Начальник, ознакомив его с тюрьмой, тюремными дворами, мастерскими, темницами и прочим, указал на одну камеру.
«Я не поведу туда вашу милость, — сказал он с отвращением, — там сидят тетки». «Ао! — произнес лорд Дэрхем. — А что же это такое? „Средний пол, милорд“.
— Теодора вот-вот скосят (гильотинируют)! — сказал Чистюлька. — А мальчишка фартовый! Что за граблюха (рука)! Какая утрата для хевры!
— Да, Теодор Кальви хрястает свой последний кусок, — сказал Паучиха. — О! его марухи будут порядком моргать глазами (плакать), ведь его любили, этого бездельника!
— Вот и ты, старина! — сказал Чистюлька Жаку Коллену.
И вместе со своими приспешниками, держа их под руку, он преградил дорогу новоприбывшему.
— Ого, даб, ты, значит, сделался кабаном? — прибавил Чистюлька.
— Говорят, ты проюрдонил наше рыжевье (растратил наше золото)? — продолжал Паучиха с угрожающей миной.
— Воротишь ли ты нам наши рыжики (деньги)? — спросил Шелковинка.
Эти три вопроса раздались, как три пистолетных выстрела.
— Не подшучивайте над бедным священником, попавшим сюда по ошибке, — отвечал машинально Жак Коллена, сразу же узнав своих трех товарищей.
— Ну, коли рожа не его, так его бубенчик, — сказал Чистюлька, опустив руку на плечо Жака Коллена.
Ухватки и облик трех товарищей быстро вывели даба из его апатии и вернули к ощущению действительности, ибо всю эту роковую ночь он блуждал в бесконечных просторах идеальных чувств, ища там нового пути.
— Не засыпьте даба, чужие зеньки заухлят (чужие глаза заметят) — тихо сказал Жак Коллена низким и угрожающим голосом, напомившим глухое львиное рычание. — Лягавые бзырят (шныряют); поводим их за нос. Я ломаю комедию ради дружка в тонкой хеврени ( в крайней опасности).
Это было сказано елейным тоном священника, увещевающего несчастных; потом окинув взглядом дворик, Жак Коллен увидел под аркадами надсмотрщиков и насмешливо указал на них на них своим трем спутникам.
— Вот они, шестиглазые (тюремные смотрители).
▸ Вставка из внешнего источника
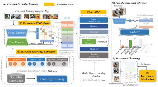 Few-shot/zero-shot learning. First, the specialist knowledge regarding the monitored endangered and rare wildlife is extracted from Wikipedia and human experts. Then, the human expert knowledge, the few image data, and annotated information about the species are used to train the KI-CLIP model with few-shot status. The prior knowledge of the fixed pre-trained CLIP (#2 module) is used to solve the training with limited data and significantly reduce the computational resources. Specifically, species that have never been photographed in the monitoring area (i.e., the unseen species) require only their expert knowledge for training, also known as zero-shot learning. As a result, the knowledge fusion weight matrix W is obtained. Next, the SA-MLP (#3 module) is trained by using W with the loss function, as in Equation (6). Therefore, the few-shot or even zero-shot learning capability of KI-CLIP is driven by expert knowledge and the CLIP model, and it is well suited to endangered and valuable wildlife with very small numbers and images. In addition, the minimal computational cost of training allows for the following incremental learning through retraining with few or even zero samples.

Запалите-ка зеньки и ухляйте (будьте бдительны)! Вкручивайте баки комарщикам (дурачьте сторожей), не выдавайте кабана, а не то я вас порешу, ваших марух и ваше рыжевье.
— Неужто, по-твоему, осучились нашенские (оказались предателями)? — сказал Шелковинка. — Ты пришел выудить свою тетку (спасти своего друга)?
— Мадлена обряжен под ольховую перекладину (готов для Гревской площади), — сказал Чистюлька.
— Теодор! — вымолвил Жак Коллен, подавив крик и чуть не бросившись вперед.
То было последним ударом в пытке, сразившей колосса.
— Его пришьют, — повторил Чистюлька. — Уже два месяца, как он связан для лузки (приговорен к смерти).
Жак Коллен почувствовал внезапную слабость, ноги у него подкосились, и он упал бы, если бы товарищи его не поддержали, но у него нашлось достаточно присутствия духа, чтобы сложить руки с сокрушенным видом. Чистюлька и Паучиха почтительно поддерживали святотатца Обмани-Смерть, покамест Шелковинка бегал к надзирателю, дежурившему у двери решетки, ведущей в приемную.
— Почтенный священник желает присесть, дайте для него стул.
Итак, удар, приготовленный Биби-Люпеном, миновал Обмани-Смерть. Жак Коллен, как и Наполеон, опознанный своими солдатами, добился подчинения и уважения трех каторжников. Двух слов было достаточно. Эти два слова были: ваши марухи и ваше рыжевье; ваши женщины и ваши деньги — вот краткий итог истинных пристрастий мужчины. Угроза эта была для трех каторжников знаком верховной власти; даб по-прежнему держал их сокровища в своих руках. Он был всемогущ на воле, и он не предал их, как говорили лжебратья. Притом ловкость и изобретательность их предводителя, завоевавшие ему широкую славу, подстрекали любопытство трех каторжников, ибо в тюрьме одно только любопытство оживляет эти опустошенные души. Наконец, преступников потряс смелый маскарад Жака Коллена, продолжавшийся даже за решетками Консьержери.
— Четверо суток я просидел в секретной и не знал, что Теодор так близок к обители… — сказал Жак Коллен. — Я пришел, чтобы спасти одного бедного мальчика, а он повесился тут вчера, в четыре часа…и вот другое несчастье! Нет у меня больше козырей в игре!..
— Бедняго даб! — сказал Шелковинка.
— Ах, пекарь (дьявол ) отказывается от меня! — вскричал Жак Коллен, вырываясь из рук двух своих товарищей и выпрямляясь с грозным видом. — Приходит час, когда общество оказывается сильнее нашего брата! Аист (Дворец правосудия) в конце концов проглатывает нас.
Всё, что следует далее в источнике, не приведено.